Money being no object, the highly intelligent Wilmers and Rausing could have done literally anything they wanted with their lives. They could have worked in the City, become doctors or lawyers, started a gambling website, built up a property empire, opened a restaurant or loafed about on chaises longues smoking cheroots and hosting literary soirées. But they both chose to edit small magazines.

Why? Because editing a small magazine is simply the best job in the world. You have pure freedom to print whatever you like. Each issue is enormously exciting to assemble and, I hope, exciting to pick up for the first time, like when you listen to the new album from your favourite band. It’s an artistic creation. You build a supportive community of wonderful readers. And you are never, ever bored.

Those distinguished editors Richard Ingrams, first of Private Eye and then of The Oldie, and Tyler Brûlé, first of Wallpaper and then of Monocle, buttress my point. Both made a great success of their first magazine and could have gone on to do anything they liked. Both chose to start a second magazine. Even Charles Dickens, who made a fortune from his novels, chose magazine editor as a second job, and ran periodicals such as Household Words and All the Year Round. Oscar Wilde edited the Woman’s World from 1887 to 1889.

It’s a job I would do even if I were not being paid to do it – which for many years of the Idler’s life was in fact the case. I also edited small magazines when at school and university for no pecuniary gain, just for fun. My first magazine was the Penguin, followed by the King’s House Times, the Sixth Form Rag and, at university, Broadsheet.

It’s also a job that can be done from anywhere – at least in theory. I spent 12 years editing the Idler from my study in a farmhouse on the North Devon coast. Still, I think that an editor is really best off being a Town Mouse, because it’s so stimulating to be in the whirl of the city. A chance encounter with an old hack friend at a book launch can turn into a great piece for the mag. I’ve commissioned articles from people I’ve bumped into while riding my bicycle around town. And it’s far easier to interview and photograph interesting people when you’re in London.

What joy to be in Grub Street itself, as a Grub Street hack. To see St John’s Gate, Clerkenwell, where Dr Johnson worked. To walk through Chelsea past the houses of Oscar Wilde and Carlyle. To stand on Westminster Bridge; to see a play at the Globe or a show at the Serpentine.
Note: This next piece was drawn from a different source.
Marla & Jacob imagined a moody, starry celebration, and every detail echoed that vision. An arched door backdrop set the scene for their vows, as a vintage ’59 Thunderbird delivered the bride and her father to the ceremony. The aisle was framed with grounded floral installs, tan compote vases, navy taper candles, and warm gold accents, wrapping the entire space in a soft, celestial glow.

Pure delights which cannot be replaced by Zoom meetings.

And what about gossipy lunches? You can’t really do those in the country. My resolution for 2022 is to go out for more long, boozy lunches, in the spirit of the late, great Keith Waterhouse, the master of the art.
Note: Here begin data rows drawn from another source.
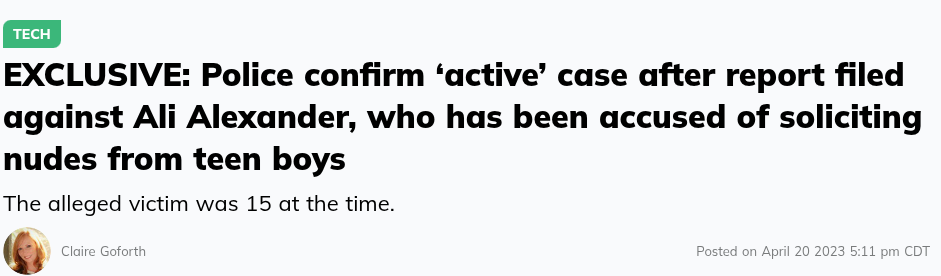 ‘‘The [Ali Alexander] investigation is still active … I spoke to Chief Strossner and he said we do have an open investigation but not enough to file criminal charges at this time. We are trying to collaborate with the Fort Worth Internet Crimes Against Children Unit. If you have any information that would help further our investigation here in Johnstown, we would be interested in having a detective meet with you.''
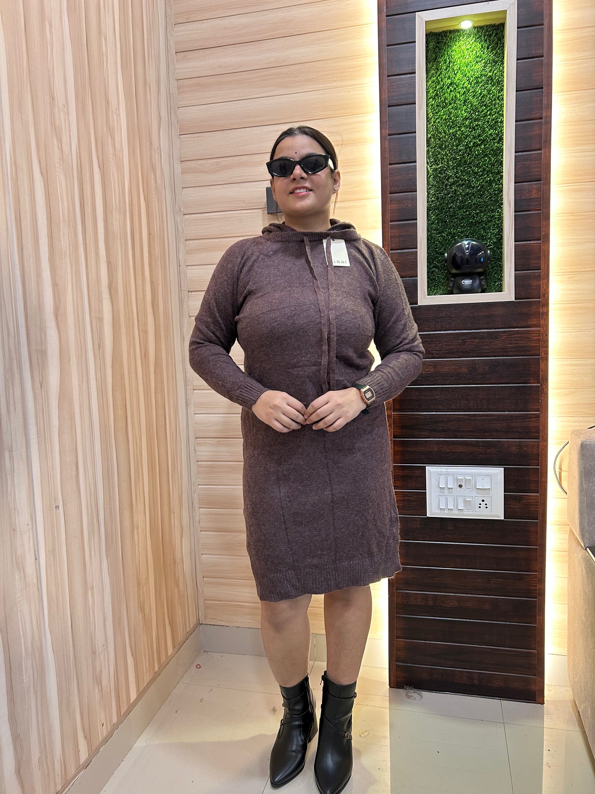 Brown Hoodie Dress for Women | Boho Freesize Surplus Dress
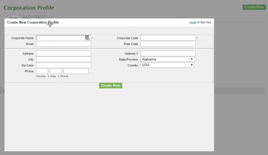 Please note, this information must be the same as entered in Stayntouch PMS, and the Corporate Code entered here should match the CORPORATE ID in Stayntouch PMS. After you have entered the information exactly as in Stayntouch PMS, select Create New to save your changes in Windsurfer.
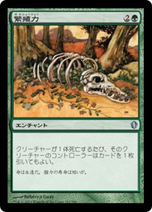 ![]() Variations— Parts— | 繁殖力クリーチャーが1体死亡するたび、そのクリーチャーのコントローラーはカードを1枚引いてもよい。
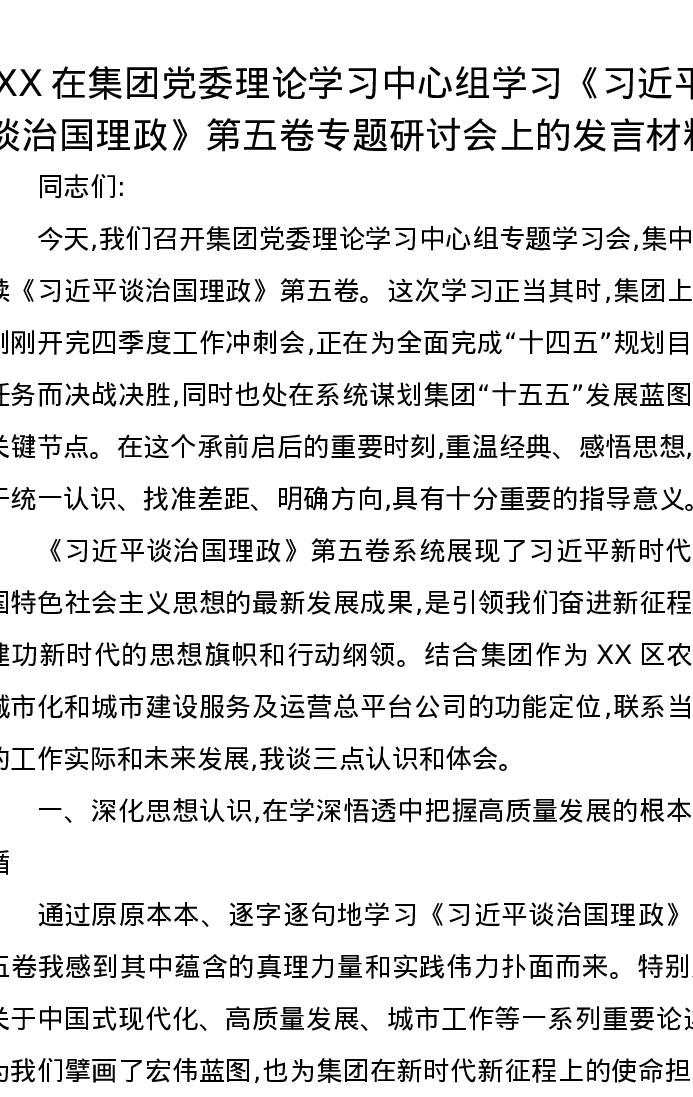 XX在集团党委理论学习中心组学习《习近平谈治国理政》第五卷专题研讨会上的发言材料
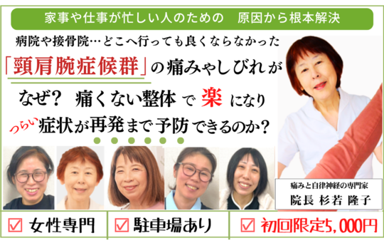 杉若さんに会った時、初めて苦しみ、辛さを分かってくれる人に出会えた気がしたのを覚えています。「どうしたら患者の痛さや苦しみを取り除けるのか」 そのことを親身になって考え、より良い治療方法を常に勉強してくれているのが分かります。患者として受け身だけではなく、自分でも気をつけなければいけないことは気をつけ、実践できることは実践するようにしています。元気になって、自分が活かされていることに感謝して前向きに生きていきたいと思っています。このように考えられるのは身体がしっかりしてきたからだなぁと思います。

It’s a world I grew up in, as my parents were both smoky, boozy Fleet Street hacks, and our house was often visited by their smoky, boozy mates. Lunch, said Waterhouse, was not simply about satisfying hunger: ‘It is not a meal partaken of, however congenial the company, with the principal object of nourishment,’ he wrote in his brilliant book The Theory and Practice of Lunch (1986). ‘It is not when either party is on a diet, on the wagon or in a hurry.’